In a letter to Robin Campbell, the government body’s senior heritage management officer, Andrew Nicol expresses his disquiet at Historic Scotland’s decision not to object to the proposal for three turbines at Ascog Farm, each 74 metres in height from ground to blade tip.
In Historic Scotland’s official response to the application, dated December 21, Mr Campbell wrote that “we agree with the findings of the ES [the applicant’s Environmental statement] that the turbines would not be visible from much of the [Mount Stuart] estate, including the core around the Category A-listed mansion.
“Based on this, we consider that the potential impact on the Mount Stuart Inventory designed landscape and Mount Stuart House would not be significant.” The HS response also stated that while the turbines would have an impact on the A-listed Balmory House in Ascog, “we consider that the significance of the impact is not of such an order that it warrants an objection from Historic Scotland”.
In a letter dated January 17, Mr Nicol invites Mr Campbell to visit both the application site and the surrounding area, including Mount Stuart, in the hope of reconsidering his response.
“I note your response,” Mr Nicol says in his letter, “and must say I am surprised and disappointed that Historic Scotland is not supporting or even acknowledging the large number of objections to the proposal (almost 600 at the last count).
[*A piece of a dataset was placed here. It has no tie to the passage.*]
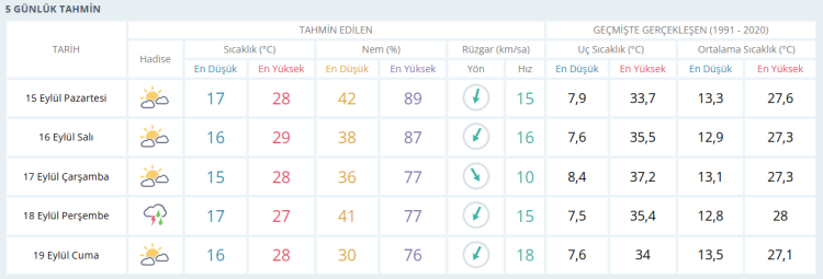İŞTE BURSA İÇİN 5 GÜNLÜK HAVA DURUMU TAHMİNİ (15 EYLÜL 2025)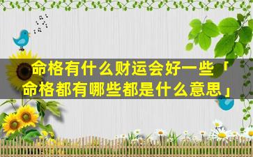 4、命格有什么财运 🐵 会好一些呢

“Such a development would be detrimental to the unspoilt landscape of Bute and would not sit well with the island’s many sites of archaeological and historic interest.
“We do not consider the development as being of benefit to Bute as a whole and have concerns that it will have a detrimental impact on tourism, which is mainstay [sic] of the island’s economy.
“I note that Historic Scotland considers that the size and siting of the proposed turbines does not warrant an objection in relation to the impact on specific properties, including scheduled monuments and their setting, category A listed buildings and their setting and gardens and designed landscapes.
“It is my opinion that such a development would have an adverse effect on those buildings which Historic Scotland have a statutory remit for both on but also off the island – please be aware of the prominence that these turbines will have along the Firth of Clyde.”
On Mr Campbell’s view that the lack of visibility of the turbines from Mount Stuart would make the potential impact on the estate insignificant, Mr Nicol says: “I would argue that the turbines will be visible from much of the estate – you may not be aware of the storm damage which has felled many large mature trees in the policies over the past two years.”
The number of public comments submitted on the application had reached 598 as this article was published, with the vast majority of those published so far being against the proposal.